Khawaja Muhammad Safdar was a Pakistani politician from Pakistan Muslim League.

Early life and career
He was born in Sialkot and took an active part in the Pakistan Movement before 1947. In 1981, he was nominated as chairman of Majlis-e-Shoora, Pakistan and also acted as acting president of Pakistan in this capacity. 
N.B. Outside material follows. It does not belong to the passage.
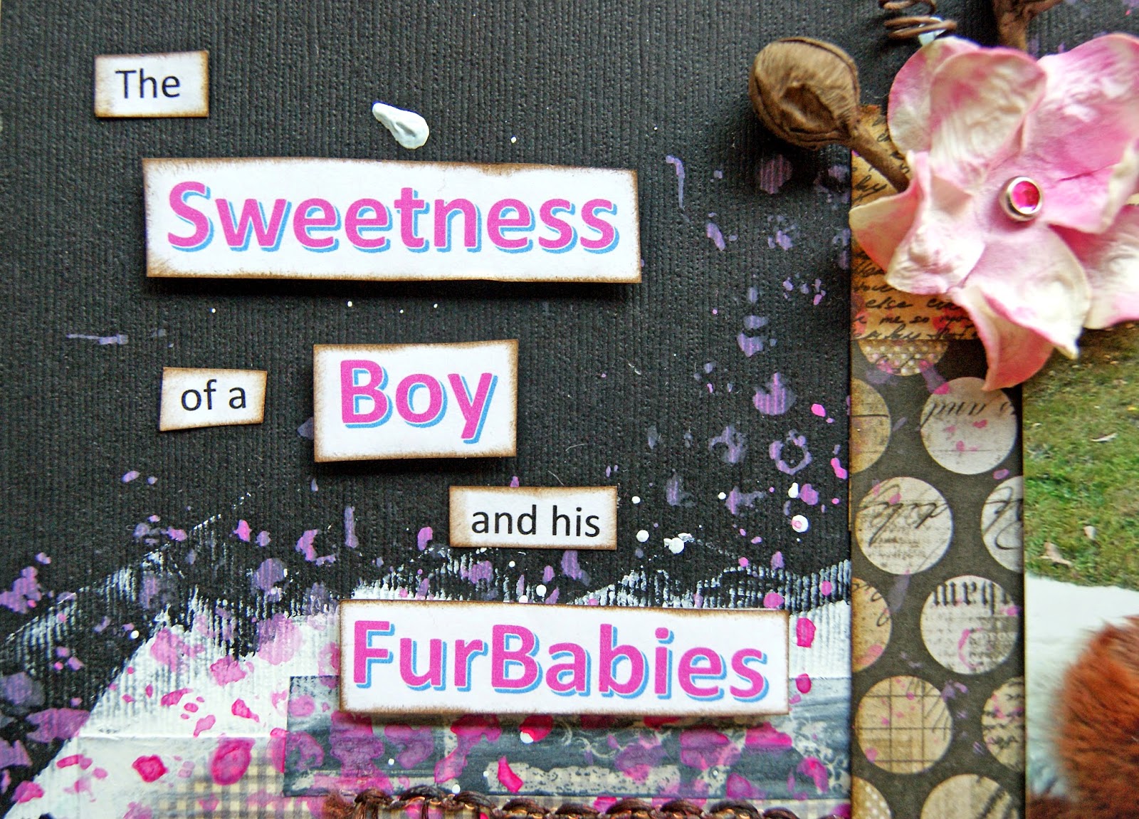 This photo was taken a few years back of my son and our two St Bernards. I used Distress Paint - Picked Raspberry and bubble wrap to create the color in the background. I also colored the flowers (iamroses) with the distress paint. The chocolate flowers are from Prima. Here is the sketch and challenge details:
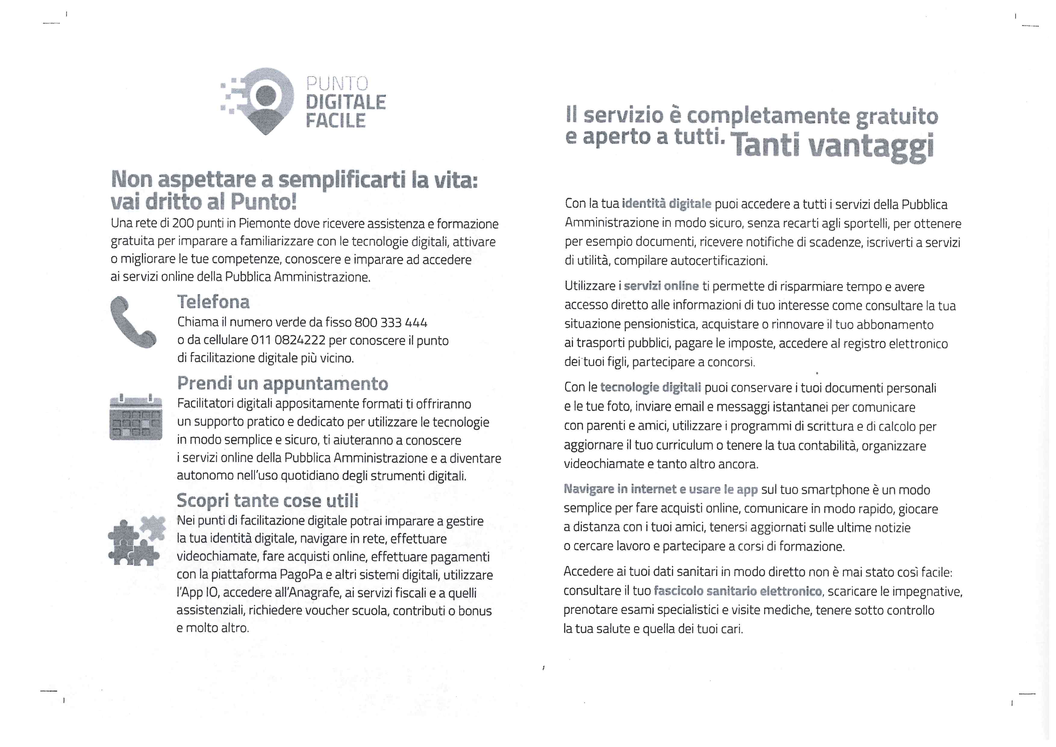 Apertura nuovo sportello di facilitazione digitale presso la sede comunale in Via Martiri della Libertà n.100 al primo piano.

He is the father of foreign minister of Pakistan in 2017, Khawaja Muhammad Asif. 
He was elected Member of Provincial Assembly of West Pakistan in 1962 and was thereafter elected as leader of opposition. He was re-elected to both these position in 1965. and served in those positions till 25 March 1969, when General Agha Muhammad Yahya Khan seized power and dissolved the Assemblies. Khawaja Muhammad Safdar contested 1970 elections in Pakistan but lost to a nominee of Pakistan Peoples Party.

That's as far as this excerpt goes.